The invention relates to a gas valve unit for adjusting gas volume flows to a dual circuit gas burner of a gas appliance, in particular gas cooking appliance, wherein the gas valve unit comprises a gas inlet and two gas outlets.
Gas burners having two concentrically-disposed rings with a gas outlet openings are frequently used in gas cooking appliances. During the operation of the gas hob, a flame ring can burn at each of the rings with gas outlet openings. When the gas volume flows to the two rings with gas outlet openings are able to be adjusted separately, these gas burners are referred to as dual circuit gas burners. By comparison with conventional gas burners with only one flame ring, dual circuit gas burners generally possess a greater maximum burner power. In addition dual circuit gas burners possess an especially large spread between minimum burner power and maximum burner power. At maximum burner power both flame rings burn with the largest possible flames. At minimum burner power only the smaller flame ring burns with the smallest possible flames, while no gas flows out of the larger ring with flame outlet openings.

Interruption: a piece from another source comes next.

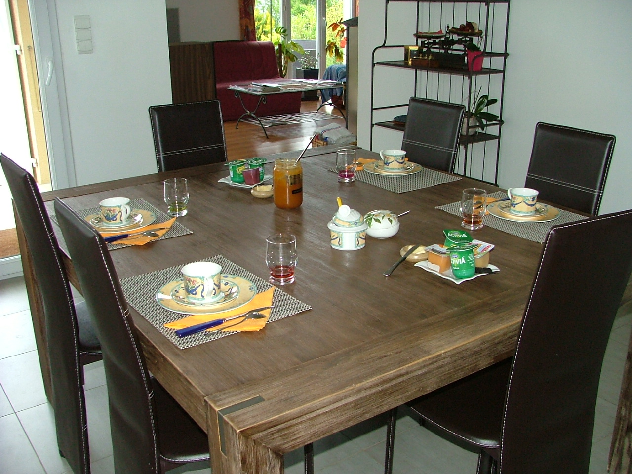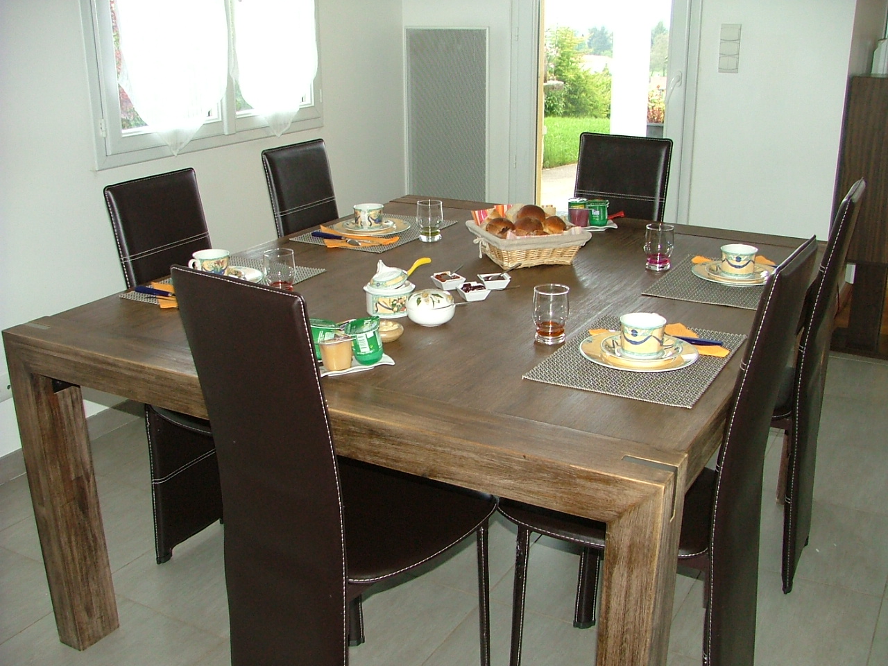 A la belle saison, les repas seront pris sur la terrasse avec vue panoramique sur les monts du Lyonnais et du Bugey.

Gas valves for supply of dual circuit gas valves possess a gas input with which the gas valve is connected to a main gas line of the gas cooking appliance. A first gas output of the gas valve opens out into a first part gas line leading to the smaller ring with gas outlet openings. A second gas outlet is connected to a second part gas line leading to the larger ring with gas outlet openings.

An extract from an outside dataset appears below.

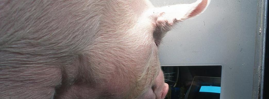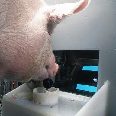 Свиньям, которых зовут Гамлет, Омлет, Эбеновое дерево и Слоновая кость, предлагали угощение за то, чтобы они направляли курсор на стену. Обучающий персонал объяснил BBC, что умение связывать движение джойстика с происходящим на экране «является настоящим подвигом» и «выдающимся достижением» - тем более, что это существа дальнозоркие, без рук и пальцев.

Dual circuit gas valves possess a single actuation element with which both the gas flow for supplying the first flame ring and also the gas flow for supplying the second flame ring can be adjusted. In accordance with a first possible design of the dual circuit gas valve, starting from a completely closed dual circuit gas valve, on actuation of the actuation element the gas flow is first opened to the smaller ring with gas outlet openings. Subsequently when the smaller flame ring has reached its maximum power, the gas flow to the larger ring with gas outlet openings is also opened, until the larger flame ring has also reached its maximum power. In accordance with a second possible design the completely closed position of the dual circuit gas valve is directly followed by the switch position for maximum power of both flame rings. A further actuation of the control element initially reduces the power of the larger flame ring, until this is extinguished completely. Subsequently the power of the smaller flame ring is reduced until this has reached its minimum power. In both the embodiments, depending on the position of the actuation element, either the dual circuit gas valve is completely closed or exclusively the gas flow to the smaller ring with gas outlet openings is opened or the gas flow to both rings with gas outlet openings is opened. On the other hand there is no provision for closing the gas flow to the smaller ring with gas outlet openings while the gas flow to the larger ring with gas outlet openings is opened.

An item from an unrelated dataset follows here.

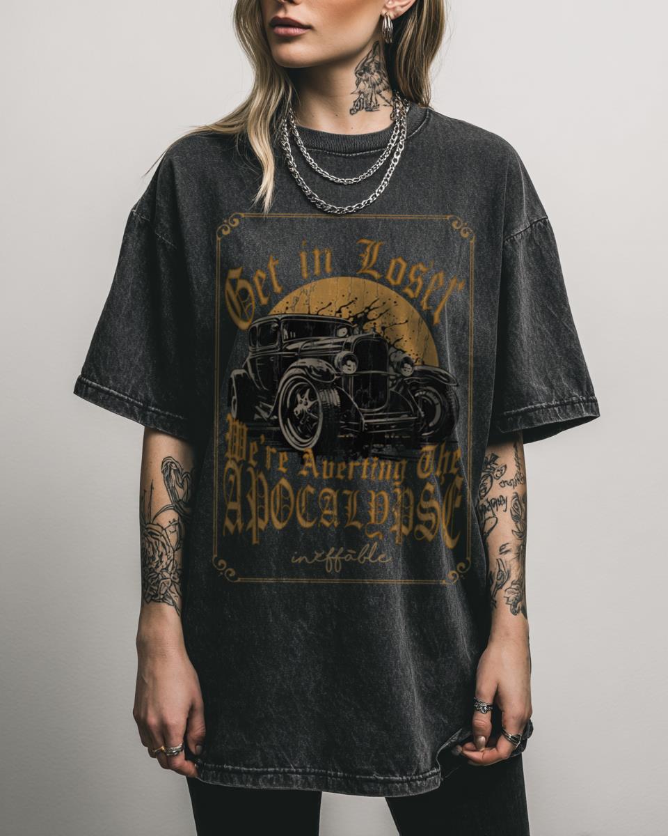 Are you ready to avert the apocalypse with your favorite angel and demon? Buckle up for an adventure with this ‘Get in loser we are Adverting the apocalypse! Angel Car Art’ T-shirt, inspired by the beloved Good Omens. This charming design features fanart of Crowley and Aziraphale in their iconic Bentley, capturing their unique bond…

Known gas valve units for dual circuit gas burners are generally designed as plug valves, in which a valve plug is rotated into a valve housing by means of the actuation element. With these known valves the exact setting of a desired burner power as well as the reproducibility of such a setting proves difficult.
The underlying object of the present invention is to provide a generic gas valve unit in which this adjustability is improved.
This object is inventively achieved by the gas volume flow supplied to a first gas outlet being able to be adjusted in a number of stages and by the gas volume flow supplied to a second gas outlet likewise being able to be adjusted in a number of stages. The gas volume flow to each of the two gas outlets is able to be switched discretely in a number of stages. There is no intermediate stage adjustment provided. Each individual switching stage can be explicitly selected by an operator of the gas valve unit and is reproducible.
Preferably, for adjusting the gas volume flow supplied to the first gas outlet, the gas valve unit has at least two on-off valves and at least two first throttle points, preferably at least three first on-off valves and at least three first throttle points. The on-off valves and the throttle points are components of the gas valve unit. Each of the throttle points possesses a defined flow cross-section and is suitable for defining the size of a gas volume flow exactly and reproducibly. The throttle points through which gas flows and does not flow are determined by means of the on-off valves. The on-off valves are actuated directly or indirectly by the operator by means of an actuation element.
The same applies to the adjustment of the gas volume flow to the second gas outlet. For adjusting the gas volume flow supplied to the second gas outlet, the gas valve unit thus has at least two second on-off valves and at least two second throttle points, preferably at least four second on-off valves and at least four second throttle points. More on-off valves and more throttle points are preferably assigned to the second gas outlet than to the first gas outlet since the power range of the flame ring assigned to the second gas outlet is greater and a greater number of switching stages has proved to be sensible here.
Especially advantageously a magnetically acting body, preferably at least one permanent magnet, is provided for controlling the on-off valves, which is able to be moved relative to the on-off valves. The on-off valves are actuated there on account of the magnetically acting body preferably embodied as a permanent magnet. For example valve bodies of the on-off valves can consist of ferrite but not permanently-magnetizable material, on which a force of attraction is exerted with the movable permanent magnet. In this case only those valve bodies are attracted by the permanent magnet and thereby the on-off valves concerned opened which are in the immediate spatial vicinity of the permanent magnet. If the permanent magnet is moved away again from this on-off valve the on-off valve closes automatically. As an alternative it is possible to embody the valve body of the on-off valves from a permanent magnetic material while the movable magnetically acting body consists of ferrite but not permanently-magnetizable material. This enables the same mode of operation to be achieved.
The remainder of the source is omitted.